A research: 1/3 of code is devoted to event-handling. 1/2 of bugs are there.

The observer pattern & callbacks

  • Mutable state shared between observers and encapsulating components. They are coupled
  • Sequence of instructions (imperatively)
  • Proactively calling methods with side-effects on other components

Did you unregister that listener? Missed first event, accidental recursion, etc.

And we all know about callback hell.

Hard to compose

Hard to Follow:

Imperative flow + Asynchronous events order + Listener registration order (all time related).

Melting Clocks

“...And then one day you find ten years have got behind you
No one told you when to run, you missed the starting gun...”

Functional Programming

The Time Bender

  • Reduce mutability and side effects => reduce the impact of time on the control flow
  • Describe programs and dependencies in terms of declarative expressions
  • Work on a snapshot of time
  • Composable
  • Powerful and composable abstractions

“Immutability Changes Everything”

Elm example

Let’s Go Distributed

We have thousands and sometimes even millions of users.

We need to scale up.

Elasticity

  • Scalable system design.
  • Scale up when more users are coming.
  • Scale down on less active periods to save resources.
  • Our system stays responsive.

But... The Eight Fallacies of Distributed Computing

by Peter Deutsch

  1. The network is reliable
  2. Latency is zero
  3. Bandwidth is infinite
  4. The network is secure
  5. Topology doesn’t change
  6. There is one administrator
  7. Transport cost is zero
  8. The network is homogeneous
“We only know how things were not how they are now”

― Joe Armstrong

The real world

  • We only know how things were not how they are now.
  • Light, sound, electricity, all waves carry information, but take time to travel.
  • Sometimes they won’t reach us and we’ll miss them.
  • It’s impossible to share the same info.
  • Unless we stop the world.
  • Our world is asynchronous and highly parallel.
  • Bugs. We can’t trust ourselves.

Summary of the real world for programmers

  • Things fail
  • Messages travel asynchronously and with variable latency
  • The reality is eventually consistent (via facts)

Resiliency

To stay responsive reactive systems should:

  • respond even in the face of failure (if possible)
  • (Even with just a failure message, it’s still very useful.);
  • take actions to recover themselves;
  • protect external failing components;
  • react to failure.

Resiliency from top to bottom

We must design our user interfaces with failures in mind.

Latency and Failure.
Synchronous and Asynchronous Thinking

Activity Latency (ns) Latency (scaled)
L1 cache reference 0.5 10 ms
Branch mispredict 5 100 ms
L2 cache reference 7 140 ms
Mutex lock/unlock 25 500 ms
Main memory reference 100 2 seconds
Read 4KB from an SSD 150,000 50 minutes
Round trip within same datacenter 500,000 2.78 hours
Send packet CA->Netherlands->CA 150,000,000 34.7 days

We love programming the way we program
transformational systems.

Remote Procedure Calls (RPC) – synchronous and blocking.

  • Holds resources
  • Unreliable in cases of partial failures
  • Hard to parallelize
  • Introduces coupling between threads on two different machines

Switching between threads (context switching) is expensive. It breaks the CPU’s magic.

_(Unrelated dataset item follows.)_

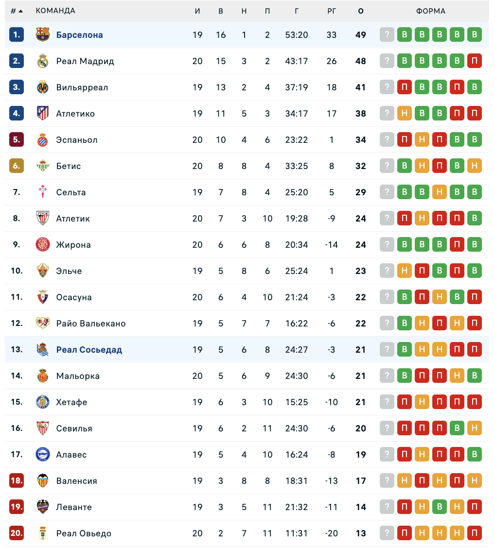 "Реал Сосьедад" идёт 11-м в турнирной таблице и опережает зону вылета на четыре очка. "Барселона" лидирует в Примере, опережая "Реал Мадрид" на четыре балла.

Concurrency with threads is very hard – “The Problem with Threads” by Edward Lee

We must treat distributed calls specially

Asynchronous Message Passing

  • Decreased coupling (receiver can choose how to handle the message)
  • Parallelize computations and combine back the results
  • Messages become an object in our system we can manage (put them in queues, transform/store/combine/reject them, ...)
  • Dynamic routing and transformation; load balancing
  • Real-time streams of messages
  • Error-handling with messages

Reactive systems

What about events?

Events can be propagated in the system as messages.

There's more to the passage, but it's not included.